El tema de la fiesta veneciana en la Plaza Nueva es bastante controvertido y, para creerlo, debemos recurrir a un acto de fe. De lo que no hay duda es de que, el artista Manuel Losada, pintó un cuadro en el que se ven góndolas en la plaza y en el que se refleja, con todo lujo de detalles, el acontecimiento del que tantas y tantas veces hemos oído hablar. Aunque él no lo vio con sus propios ojos, en su obra se escenifica lo que, según se dice, le contaron sus padres y sus vecinos.

La anécdota se remonta al año 1872 cuando, el entonces rey de España, Amadeo I de Saboya, realizó una visita a Bilbao, entre otras cosas para asistir a la inauguración de la Santa y Real Casa de Misericordia de Bilbao. Y, para agasajarle, se decidió evocar una fiesta veneciana en la plaza Nueva convirtiendo unas barquitas en engalanadas góndolas. Esta idea tan txirene surgió de varios clientes del café Suizo situado en la misma plaza. Son muchos los que dudan de esta versión ya que cuesta imaginar la escena en la actualidad. Sin embargo, en aquella época, el centro de la plaza estaba a un nivel inferior que el resto, con una fuente en el medio; por lo que no fue necesario taponar las entradas a la plaza ni a los comercios, solo se taponó el desagüe de la fuente con el objetivo de inundar la parte central de la plaza y, de esta manera, el efecto sería como el de una piscina; evidentemente no con tanta profundidad, pero sí la necesaria para emular a un canal veneciano.

La fantasía, el glamur y las ganas de jolgorio de los bilbaínos, han alimentado esta historia que, tan bien, pintó Losada. Seguiremos sin saber cuánta verdad hay en el cuadro, pero no se puede negar, que como anécdota bilbaína es una de las mejores.

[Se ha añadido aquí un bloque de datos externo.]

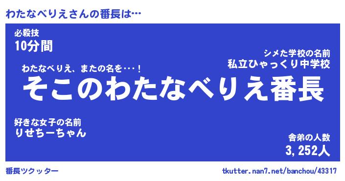 | ヒーロー風カッコイイあだ名 | 『スーパーワタナベリエ』『幻影騎士ワタ』 |

Y no solo en la plaza Nueva hubo góndolas. Existen documentos en los que se pueden leer sobre los “regocijos” de agosto de 1879, que no eran sino las fiestas predecesoras de la actual ASTE NAGUSIA, en las que se organizó una fiesta veneciana en la ría. Varias barcas elegantemente decoradas eran conducidas por personajes ataviados con los trajes típicos de la ciudad italiana desde el puente de San Antón hasta Uribitarte, donde les esperaba un espectáculo de fuegos artificiales. Las márgenes de la ría, iluminadas con cientos de faroles, daban un aspecto mágico a esta original celebración en la que se recreaba la boda del Dux de aquella época con el mar Adriático. Como colofón, la comisión de fiestas otorgó un generoso premio de 250 pesetas a la góndola más artísticamente decorada, más teatral y con los tripulantes mejor caracterizados.

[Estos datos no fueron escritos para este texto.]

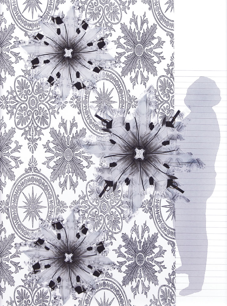 CLAUDIA SCARSELLA Viterbo 17/10/1979 Racconto di GF, 2012 collage, tecnica mista: disegno a mano e stampa digitale su carta da lucido applicata su piezografia a pigmenti su carta cotone cm. 57x40, (pezzo unico), firma, titolo e anno al retro, l'opera è stata presentata alla Fondazione Gianfranco Ferrè in occasione della presentazione del quarto numero della rivista semestrale "Pizza", nell'ambito del progetto "11 cover speciali per un magazine di ricerca". Dell'evento, con citazione degli autori delle cover, hanno scritto, tra le altre, le testate: ANSA, Corriere della moda, Corriere.com (corriere canadese), Domusweb.it, Exibart.com, FashionMagazine.it, Il Giornale - Milano, La Repubblica - Milano, Tiscali.it, Vogue.it, Vanityfair.it (che ha pubblicato l'opera). Nel mese di marzo l'opera viene pubblicata per due settimane sulla pagina principale di Eternal Optimist (www.eternal-optimist.com), portale di arte e design "al 10% Greco, al 90% internazionale", a corredo di una lunga intervista con l'artista. Claudia Scarsella è Premio Arte 2010 - Targa Oro selezione Grafica. Il suo nome è nella lista dei "150 artisti attivi in Italia da seguire nel 2012", pubblicata (pag. 125) dal Corriere della Sera/CorrierEconomia nell'instant book: "Come investire nel 2012 - i consigli per proteggere vil patrimonio in un anno complicato". Le sue quotazioni sono considerate promettenti nella forbice 3 - 14 mila euro.

Desde luego, es innegable que los bilbaínos somos txirenes y ocurrentes desde siempre.

 

Foto del cuadro de Manuel Losada tomada de Internet.

 

GARGANTÚA

En Bilbao se dice que para ser buen bilbaíno debes haber sido tragado por Gargantúa al menos una vez en tu vida. Este grandullón, a pesar de alimentarse de los más pequeños de la casa, es muy querido por todos.

Su origen debemos buscarlo en la literatura francesa, concretamente en las novelas de Gargantúa y Pantagruel. Pero, la historia del gigante bilbaíno, se remonta a 1854 cuando el bombero Antonio Echániz lo construyó basándose en los dibujos que ilustraban aquellos libros franceses. Como curiosidad cabe destacar que, una vez creado y no habiendo calculado muy bien las dimensiones, tuvieron que separarle la cabeza del cuerpo para poder sacarlo por la puerta del taller.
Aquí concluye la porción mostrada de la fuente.